Brief:
Every picture is to be removed, and all the data is to be copied exactly.

Data extract:
□ □ □ □ □ □ □

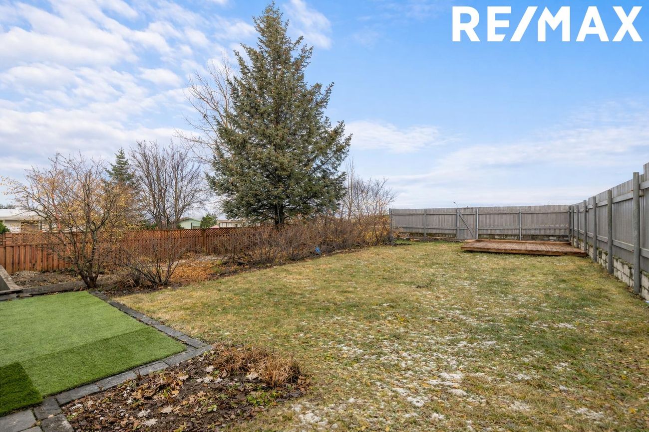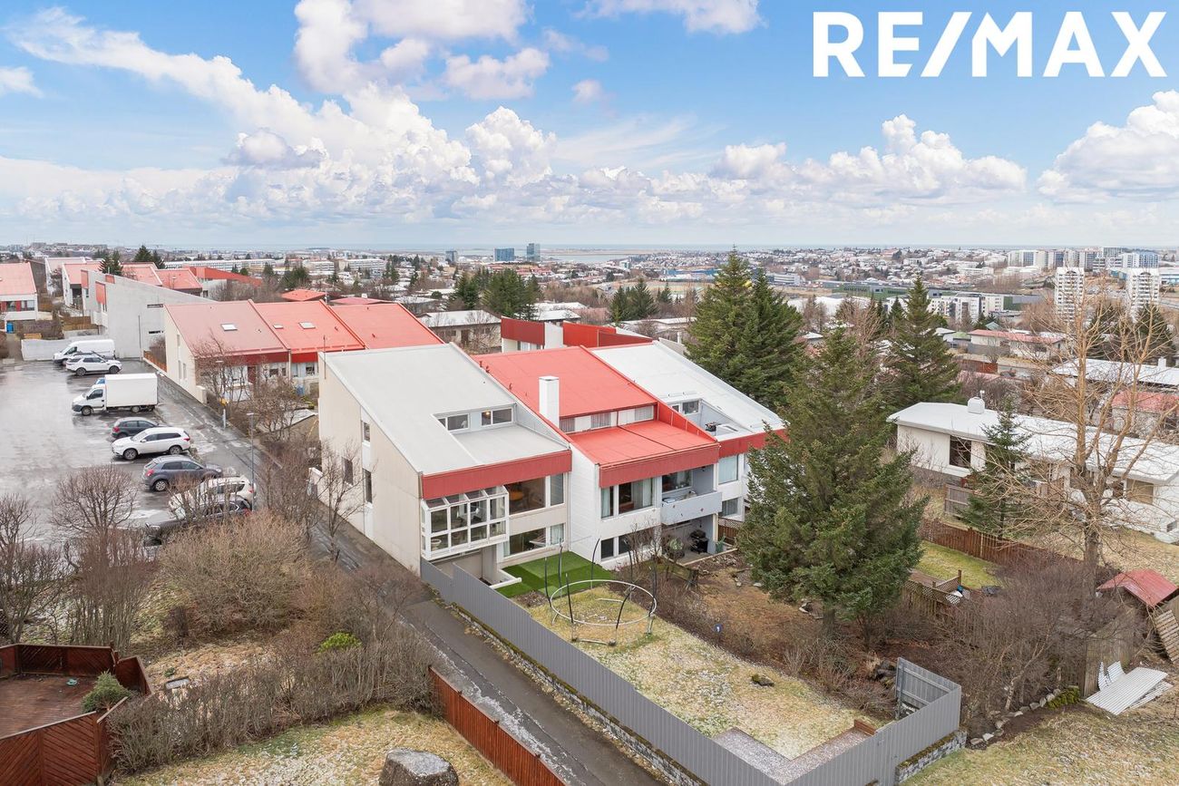 Stór gróin lóð með skjólríkum garði, fallegu fjallaútsýni og samgesta svæði í U-lögun.
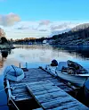 Vinterbilder frå Auklandshamn. Vintersol over Skinntjødnane.
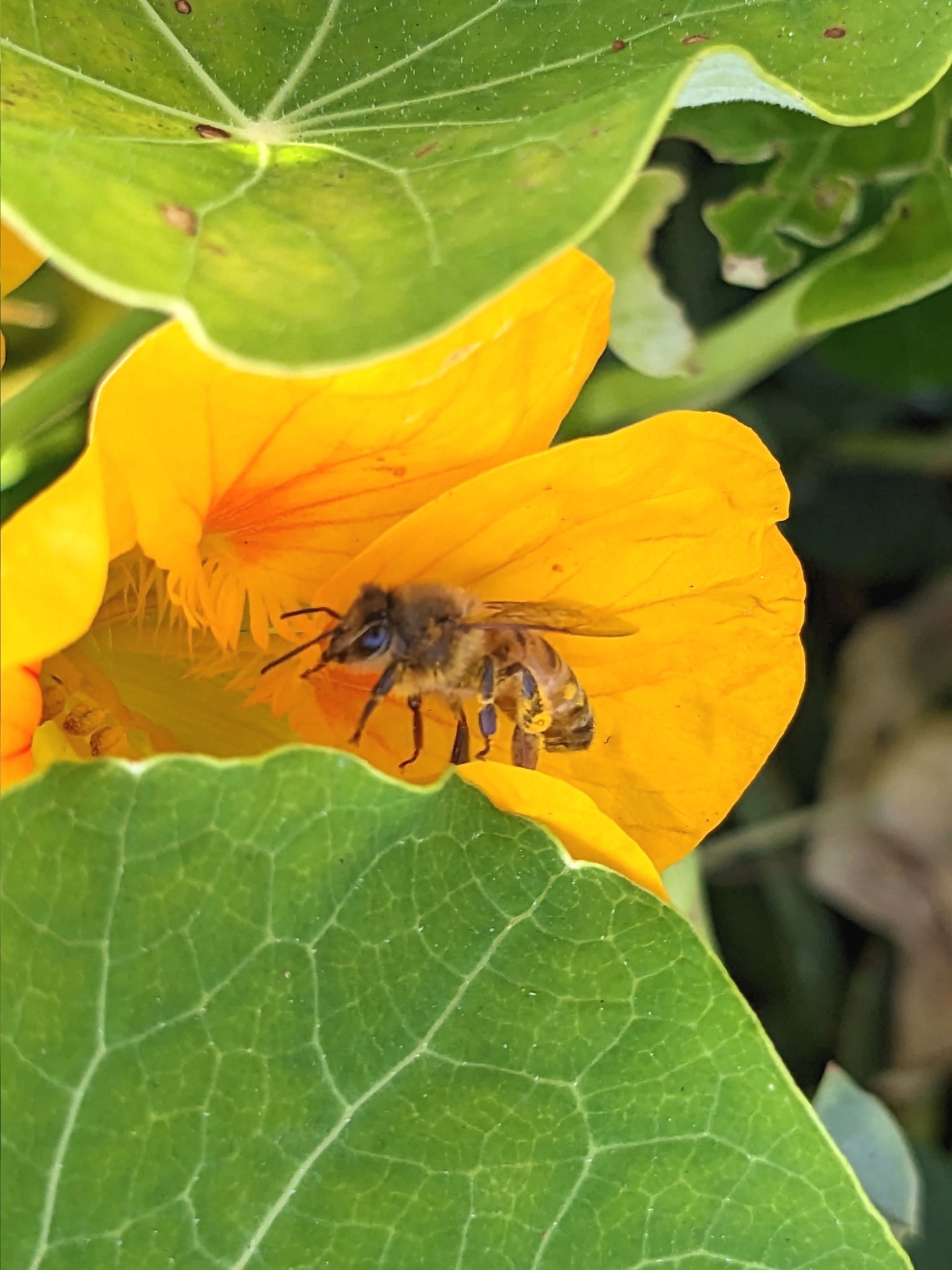 Apis mellifera | species | Tropaeolum majus | species | eats | Animalia | Arthropoda | Insecta | Hymenoptera | Apidae | Apis | Plantae | Tracheophyta | Magnoliopsida | Brassicales | Tropaeolaceae | Tropaeolum | 37.877833 | -122.26795 | 2023 | 5 | 31 | http://creativecommons.org/licenses/by/4.0/ | https://www.inaturalist.org/observations/164978822 | |

□ □ □ □ □ □ □

Answer to this task:
 Stór gróin lóð með skjólríkum garði, fallegu fjallaútsýni og samgesta svæði í U-lögun.
 Vinterbilder frå Auklandshamn. Vintersol over Skinntjødnane.
 Apis mellifera | species | Tropaeolum majus | species | eats | Animalia | Arthropoda | Insecta | Hymenoptera | Apidae | Apis | Plantae | Tracheophyta | Magnoliopsida | Brassicales | Tropaeolaceae | Tropaeolum | 37.877833 | -122.26795 | 2023 | 5 | 31 | http://creativecommons.org/licenses/by/4.0/ | https://www.inaturalist.org/observations/164978822 | |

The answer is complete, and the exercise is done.